Browns president Carmen Policy said Palmer's contract is for five years and would be worth approximately $5 million plus incentives.
Palmer was offered and accepted the job Wednesday after a day spent with Policy, team owner Al Lerner and director of football operations Dwight Clark.
As Palmer talked about his plans for building the new Browns, he stopped to address the former Cleveland players.
'The tradition and pride that you guys have built with the Browns is something we'll cherish and build our program on,' he said.
That was the same type of comment that helped Palmer win over Policy in their first interview late last week. Policy had never met Palmer, but came away from their visit shocked by Palmer's preparedness and an engaging personality he had only heard about.

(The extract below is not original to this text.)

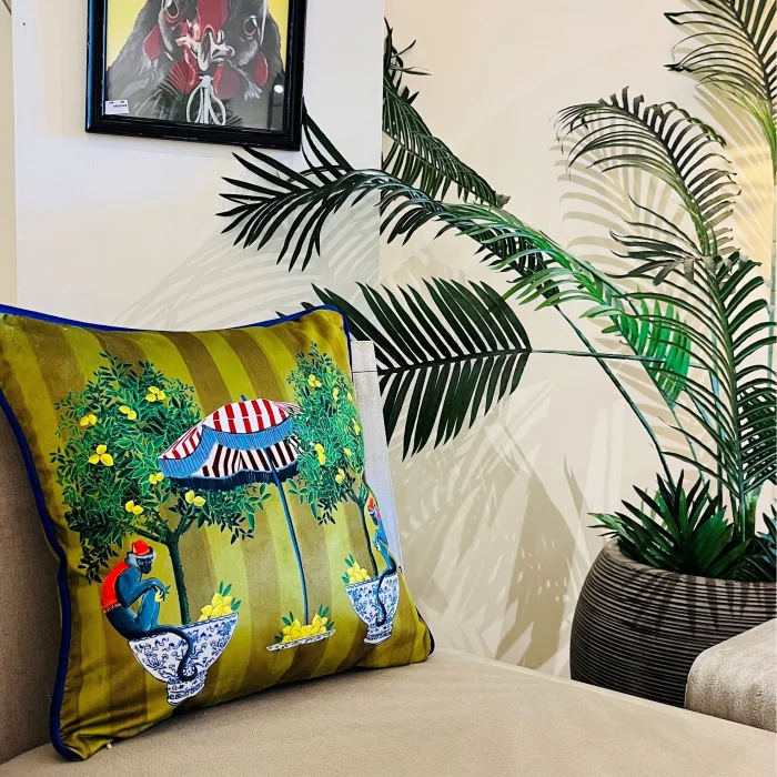 Product: Monkey Pattern Green Velvet Cushion Cover

Palmer fit the Browns' head coaching profile - offensive-minded, expansion team background, experience with young quarterbacks - from the start. The Browns are considering making University of Kentucky quarterback Tim Couch the top pick in the draft.
The Browns had intended to try and hire Minnesota offensive coordinator Brian Billick on Monday, but when he told Cleveland he was still interested in interviewing with Baltimore, Policy said to go ahead and Billick signed with the Ravens.
Policy called Palmer back to meet with Lerner and Clark, who were both out of town when the coach first visited.
Policy said while the interview continued, he received two dozen phone calls endorsing Palmer.